# Baked clams, my way.



## Two Knots (Nov 12, 2011)

I buy 6 large cherry stone clams.
Put them in a covered fry pan ...on medium
heat and as soon as they pop remove from heat,
so that the clam juice doesn’t cook away.
Remove clams from shells to a dish with clam juice 
in tack. 
Sauté 6 chopped shrimps in a dalop of olive oil and butter
add them add drained frozen leaf spinach( cut up) sauté for a minute
or two. 

Then add about a 1/4 cup of chopped bacon, chopped onion,
chopped parsley and sauté until golden, 
then add one finely chopped garlic until lightly browned. 

Add back in the shrimp and spinach.

Then lower temp and add salt, pepper, rubbed sage, parsley
and a little italian seasoning.

Then add in clam broth and shut off fire...

add about 1/4 cub bread crumbs...more if it looks
too moist.

Last minute add chopped clams. ( don’t cook the clams or they’ll
get tough.) They cook enough in the oven.
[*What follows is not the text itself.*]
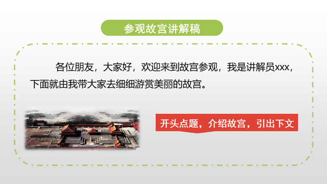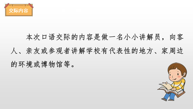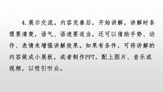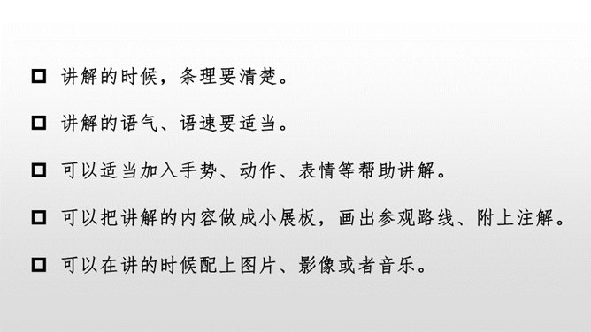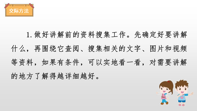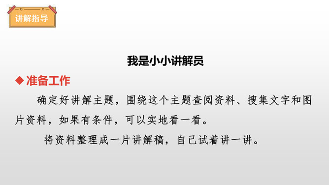 做好讲解前的资料搜集工作。先确定好要讲解什么,再围绕它查阅、搜集相关的文字、图片和视频等资料,如果有条件,可以实地看一看,对需要讲解的地方了解得越详细越好。列出讲解提纲。打算讲解哪些内容,哪些内容需要详细讲解,哪些内容可以简略讲解,做到心中有数。提前预演,完善讲解内容。列好提纲后,先根据提纲梳理所要讲解的内容,提前在小组内预演一遍,小组成员提出疑问和改进意见;然后可以根据意见,总结预演中存在的问题,完善讲解内容,也可以根据听众的反应调整讲解的内容。所属专题:我是小小讲解员ppt。

assemble everything into clam shells, sprinkle with breadcrumbs and fresh 
graded parmigiana cheese, a drizzle of extra virgin olive oil
and a dab of butter.

Place in 375* oven for about 20 minutes...(if clams are smaller
bake them less) then put on broiler for a few minutes ~ watching them
carefully...as soon as they’re browned remove them.

Note: the shrimp is optional, so is the spinach.

Note: You can also substitute 3 cans of Doxee chopped
clams, instead of fresh clams.

Note: this size clams are 6 dollars a dozen, I buy three for 3 dollars.
They’re big clams and this recipe yields 12 big clams!


----------



## DoomsDave (Dec 6, 2018)

Sounds good!


----------